Incidentes aconteceram na Escola Básica 2.3 Ruy d’Andrade, no Entroncamento.

 

Esta terça feira, dia 29, o pai de um aluno da Escola Dr Ruy de Andrade no Entroncamento terá agredido uma professora, depois do filho se ter queixado de esta o ter agredido.

Segundo conseguimos apurar a professora terá separado dois alunos que se envolveram em zaragata na terça feira, sendo que um deles comunicou ao pai que a professora lhe bateu, ao que este se dirigiu à Escola, procurou a professora, e tê-la-à agredido.

A PSP foi chamada ao local e tomou conta da ocorrência, tendo esta manhã marcado presença na abertura da Escola para precaver qualquer situação anormal, o que não se veio a verificar.

As aulas decorreram normalmente até ao meio da manhã, altura em que as aulas foram interrompidas para a realização de uma reunião com os professores e a Direção do Agrupamento.

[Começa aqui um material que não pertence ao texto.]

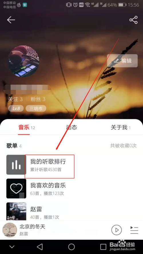 接着点击【我的听歌排行】。

Durante este período sem aulas, os alunos começaram a espalhar o boato, através de SMS para os pais, de que haveriam alunos com armas na Escola, o que viria a motivar uma correria de pais em pânico para levarem os filhos para casa.

O EOL tentou falar com a Direção do Agrupamento de Escolas Cidade do Entroncamento, que não se mostrou disponível para prestar declarações.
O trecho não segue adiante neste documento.